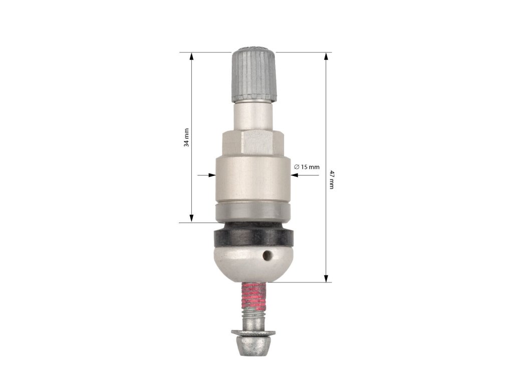 Stříbrný ventil určený pro univerzální čidla TPMS Alligator Sens.it s čísly 562-3941 a 562-3946. Vyroben z kvalitního hliníku s dodatečnou antikorozní ochranou, která zajišťuje dlouhou životnost a spolehlivou funkci v náročných podmínkách provozu.
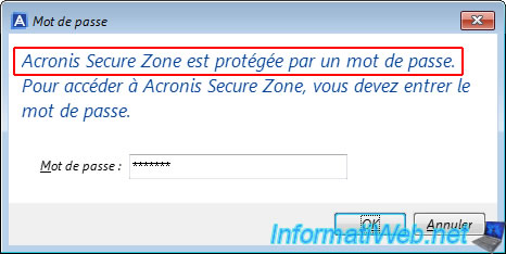 Si vous avez protégé votre zone sécurisée Acronis (Acronis Secure Zone) avec un mot de passe (lors de sa création), un popup s'affichera et vous le demandera.
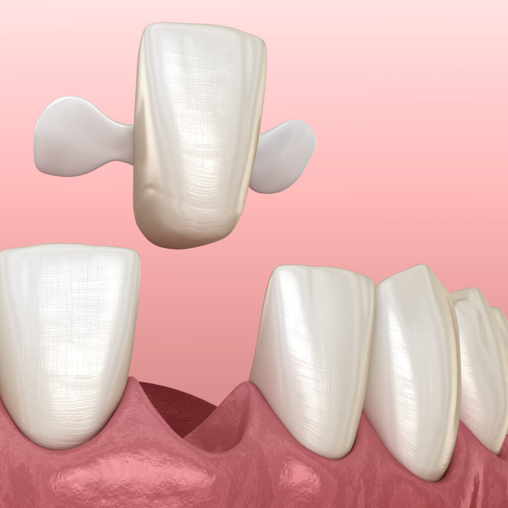 ラミネートベニアとは、前歯の表面を薄く削り、そこに歯の形をしたセラミック製の薄い板を貼りつける治療のことを言います。これにより、前歯の色や形を整えることができます。クラウンを被せることで歯を白くするには、歯を多く削る必要があります。
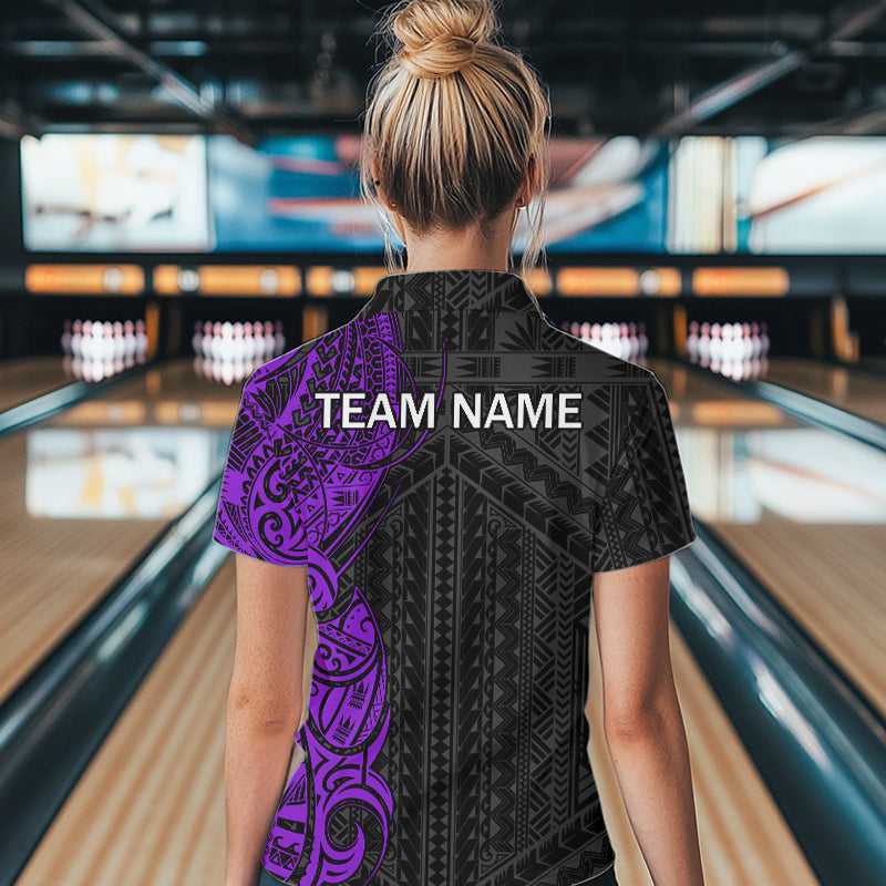Black and Purple Tribal pattern Womens Bowling Shirts Custom Bowling outfit ladies Team bowling jersey NQS9740

■ ■ ■ ■

▶ ABOUT THIS TASK:
Output the data above exactly; pictures do not belong in the copy.

▶ RESPONSE AREA:
 Stříbrný ventil určený pro univerzální čidla TPMS Alligator Sens.it s čísly 562-3941 a 562-3946. Vyroben z kvalitního hliníku s dodatečnou antikorozní ochranou, která zajišťuje dlouhou životnost a spolehlivou funkci v náročných podmínkách provozu.
 Si vous avez protégé votre zone sécurisée Acronis (Acronis Secure Zone) avec un mot de passe (lors de sa création), un popup s'affichera et vous le demandera.
 ラミネートベニアとは、前歯の表面を薄く削り、そこに歯の形をしたセラミック製の薄い板を貼りつける治療のことを言います。これにより、前歯の色や形を整えることができます。クラウンを被せることで歯を白くするには、歯を多く削る必要があります。
Black and Purple Tribal pattern Womens Bowling Shirts Custom Bowling outfit ladies Team bowling jersey NQS9740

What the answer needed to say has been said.